À Antonia Maria Nunes, mestra e amiga,
sem a qual essas palavras não se deixariam ler

À Maria eu dedico estas singelas palavras, com todo o respeito na desmedida do impossível dentro deste recinto aberto, recito que, embora merecedora de poemas em forma fixa, com versos metrificados e tudo o mais que um verdadeiro mentiroso seria capaz de compor, vai ter de contentardes com essa maledicente prosa poética, é tudo o que tenho.

A Maria, antes mesmo de se confessar artífice da palavra, deixou-se levar pela prosa fiada deste humilde discípulo que, embasado em Teoria, atreve-se a discorrer na prática o que lhe é concedido. Dos subsídios que provêm de Maria, vai tecendo timidamente sua literatura sem-vergonha, vã filosofia da linguagem. Integrante desse esquema de corrupção de palavras, algo que os linguistas chamariam uma desconformidade entre significantes e significados, a Maria é tudo, menos inocente. Se o poeta é um rufião, a Maria é a proprietária do bordel. A Maria é a medida racional das passionais orações às quais o suposto escritor se devota.

Amaria tudo o que não fosse mero vômito de idéias no papel. Inspirar não seria o verbo comumente por ela empregado, a Maria é um tanto quanto cética no que se refere a esses mitos românticos. Prefere acreditar no trabalho estético a que se dedicam esses marceneiros da palavra, sempre lapidando aqui e ali a estrutura, não se dão por satisfeitos tão facilmente. A todo canto levam seus instrumentos semânticos, sintáticos, lexicais...

Eis que emprego todas as conjunções adversativas para tentar entender que a Maria não se faz mais presente. Uma lágrima verte agora e faz de conta ser riacho, percorre o meu rosto rumo ao papel que se encontra entre minhas mãos. Juntam-se a ela outras e logo parece ser um rio caudaloso desaguando na foz do poema, borrando as letras e então se torna difícil trabalhar a linguagem de maneira literária... É como se depois de dois anos carregando a tua bagagem, ficasse tu nas gares e tenho eu de seguir sozinho, meio sem rumo ainda, perdido, perdido como um pobre bicho com os sentidos alterados. Foste a melhor companheira de viagem que já tive.
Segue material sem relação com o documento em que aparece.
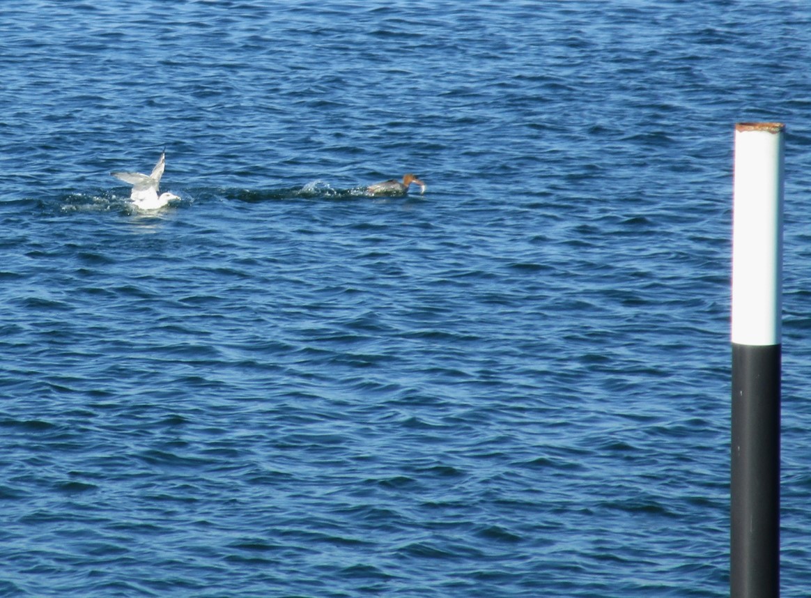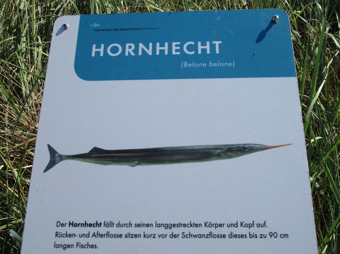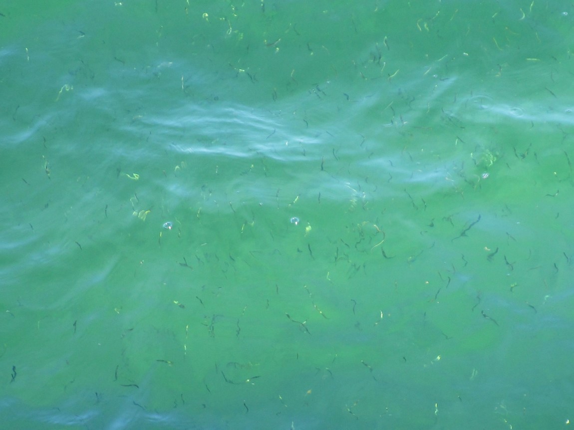 Fachkollegiales Gespräch bestätigte die Richtung meiner Vermutungen. Die höchstens 1 cm langen, un“greif“baren Glitzerdinger sind wahrscheinlich Heringe. Da die ca. 4 cm langen, gut erkennbaren Fischchen nicht „stab-„, sondern fast schlangenförmig herumwirbeln, halten wir die nicht für Hornhechte, sondern für Sandaale (ACHTUNG: die sind keine Aale, genau so wenig wie die oft begrifflich in den Mund genommene Aalmutter). – Gelegentlich schwimmt in den unglaublichen Jungfischschwärmen ein bei ca. 30 cm Länge noch junger Hornhecht vorbei – die nächste(n) Speise(n) ausgucken?

Amar ia, de coração este poema, não fosse que a gente finge não ter um quando tem nas mãos a pena. E também isso eu aprendi com a Maria. Mas meu pranto não é literatura, é vulgarmente sentimento, saudade anunciada de escutar teus dizeres toda semana ecoando em minha alma, teus saberes apressando a minha calma.

Ah Maria! Vai-te pela estrada da vida, ama, ria e segue o teu caminho que não é mais o meu. Tens aqui um admirador que por ti acreditou ser poeta, que bebeu da tua fonte de sabedoria e agora se submete ao crivo da tua severa análise, Maria.